Look through the entries below for the line with "法式甜美别致雪纺上衣2026春夏新款荷叶边立领衬衫短袖设计感小众" and the line with "termos se aplicam.", then give again exactly those two lines and all lines between them, minus the pictures.

EXTRACTED MATERIAL:
+--
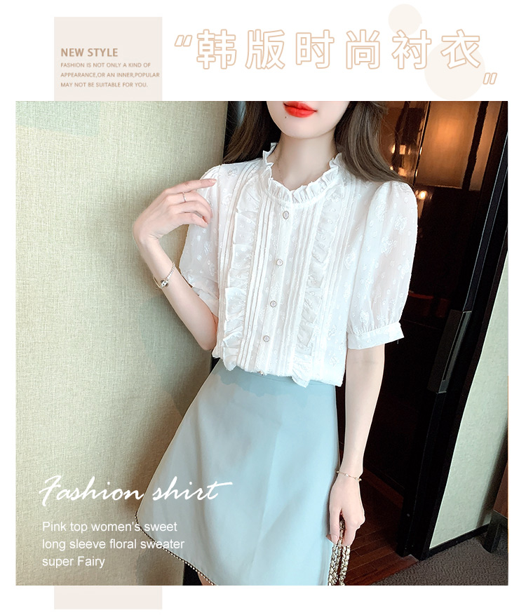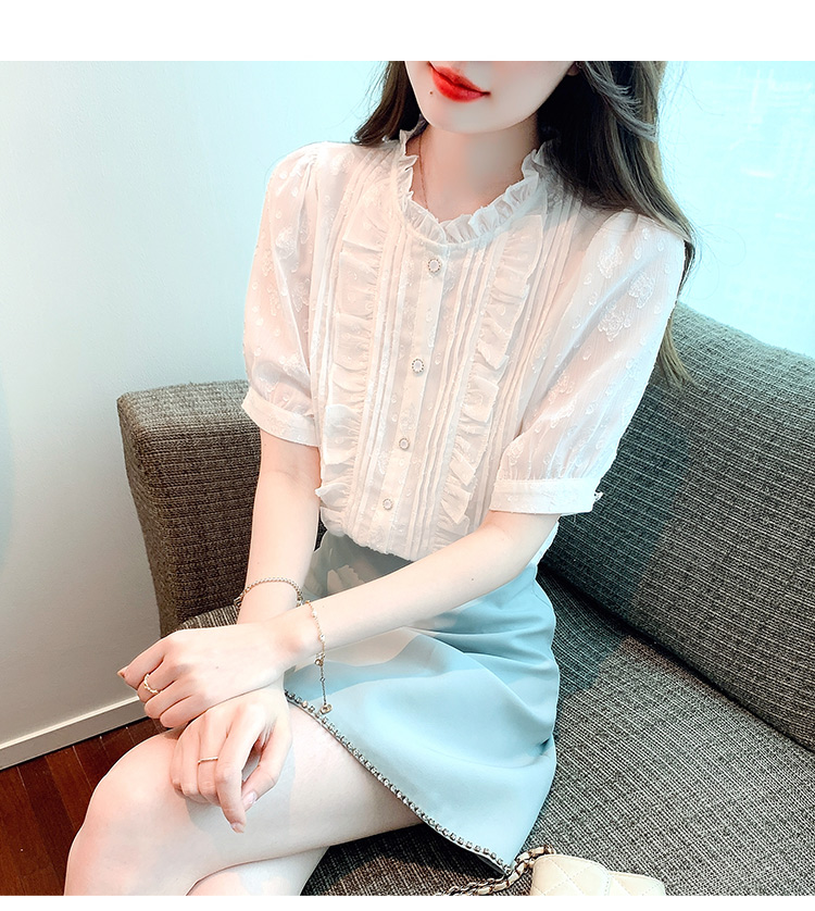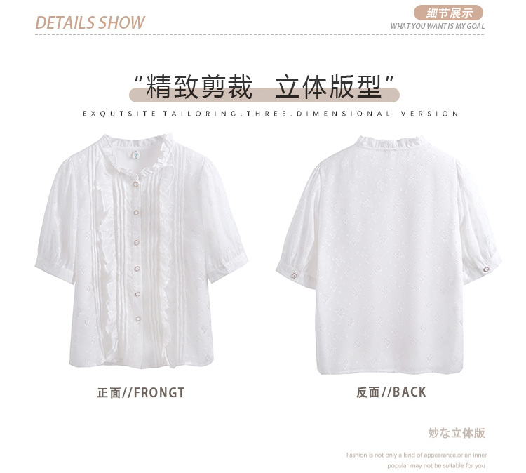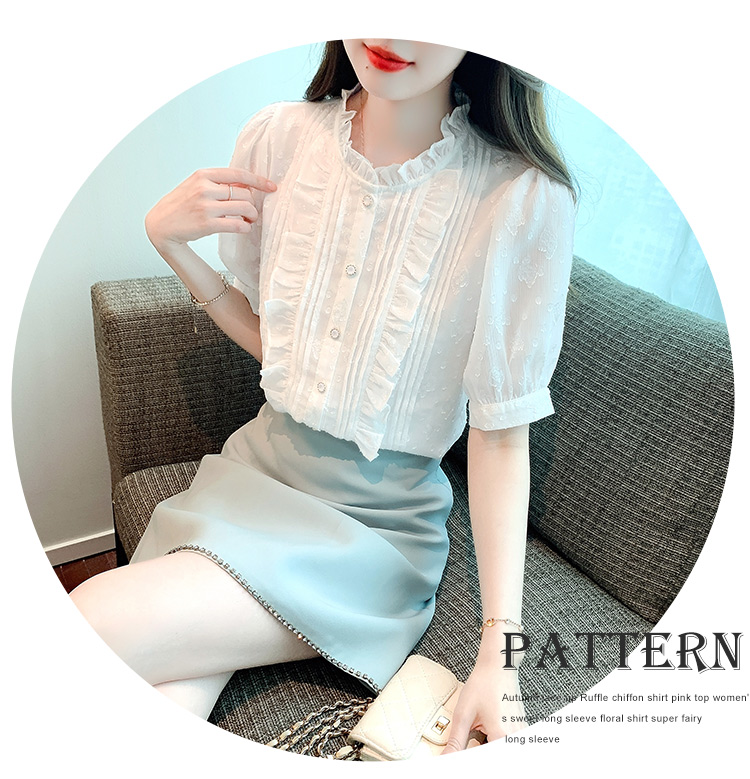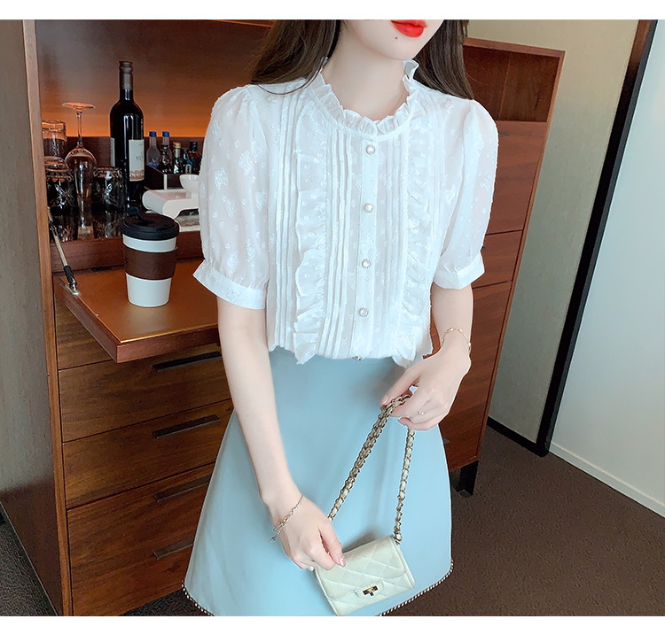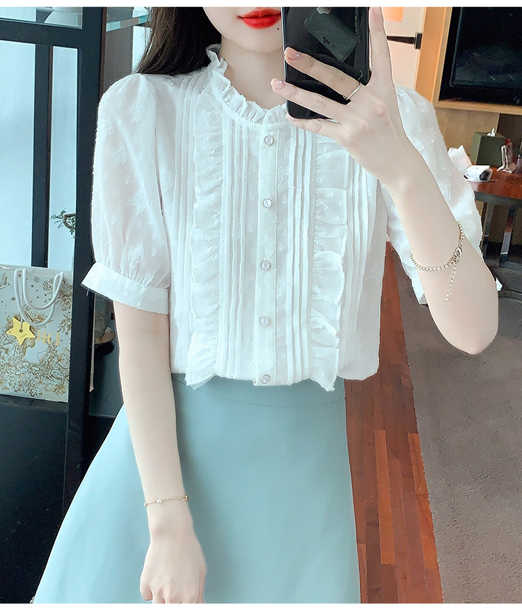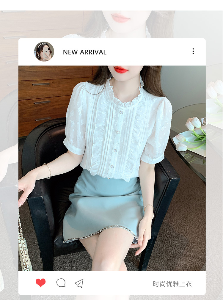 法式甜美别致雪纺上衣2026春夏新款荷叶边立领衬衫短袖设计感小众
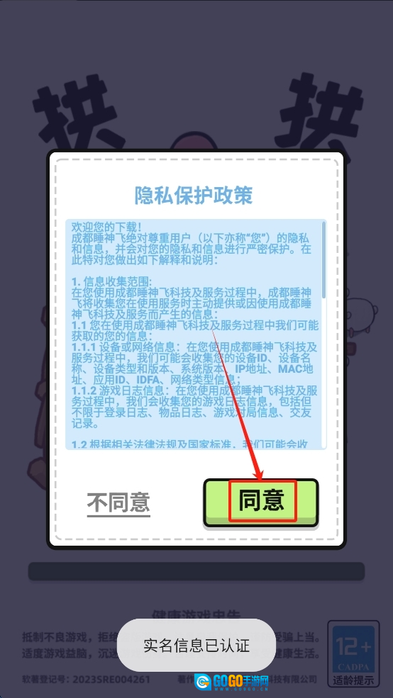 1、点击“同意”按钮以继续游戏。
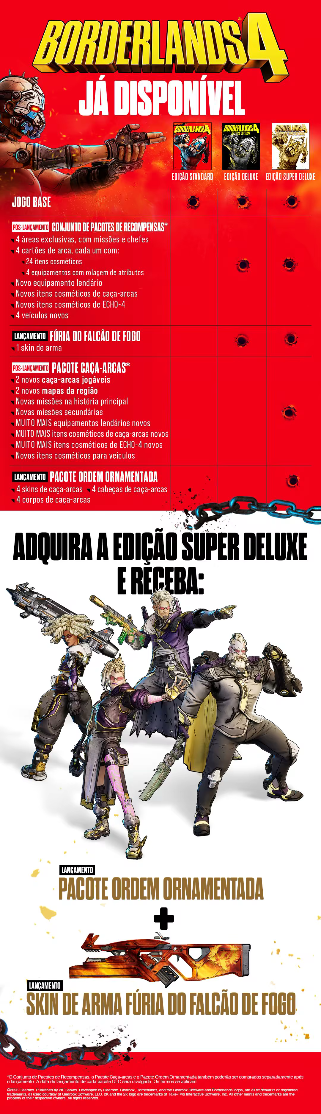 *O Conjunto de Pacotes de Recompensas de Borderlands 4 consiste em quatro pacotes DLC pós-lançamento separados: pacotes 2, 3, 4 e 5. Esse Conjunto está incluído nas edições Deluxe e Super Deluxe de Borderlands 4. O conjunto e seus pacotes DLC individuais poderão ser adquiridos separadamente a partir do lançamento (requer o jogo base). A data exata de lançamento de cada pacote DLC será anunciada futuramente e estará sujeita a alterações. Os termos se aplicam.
+--
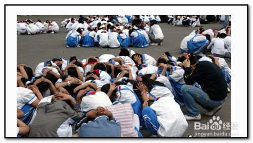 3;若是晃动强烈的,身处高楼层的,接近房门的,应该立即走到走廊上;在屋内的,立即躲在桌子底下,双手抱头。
+--
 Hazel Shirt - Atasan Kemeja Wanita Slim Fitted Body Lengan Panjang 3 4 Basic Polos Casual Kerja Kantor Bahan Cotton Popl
+--
FINISHED TASK:
 法式甜美别致雪纺上衣2026春夏新款荷叶边立领衬衫短袖设计感小众
 1、点击“同意”按钮以继续游戏。
 *O Conjunto de Pacotes de Recompensas de Borderlands 4 consiste em quatro pacotes DLC pós-lançamento separados: pacotes 2, 3, 4 e 5. Esse Conjunto está incluído nas edições Deluxe e Super Deluxe de Borderlands 4. O conjunto e seus pacotes DLC individuais poderão ser adquiridos separadamente a partir do lançamento (requer o jogo base). A data exata de lançamento de cada pacote DLC será anunciada futuramente e estará sujeita a alterações. Os termos se aplicam.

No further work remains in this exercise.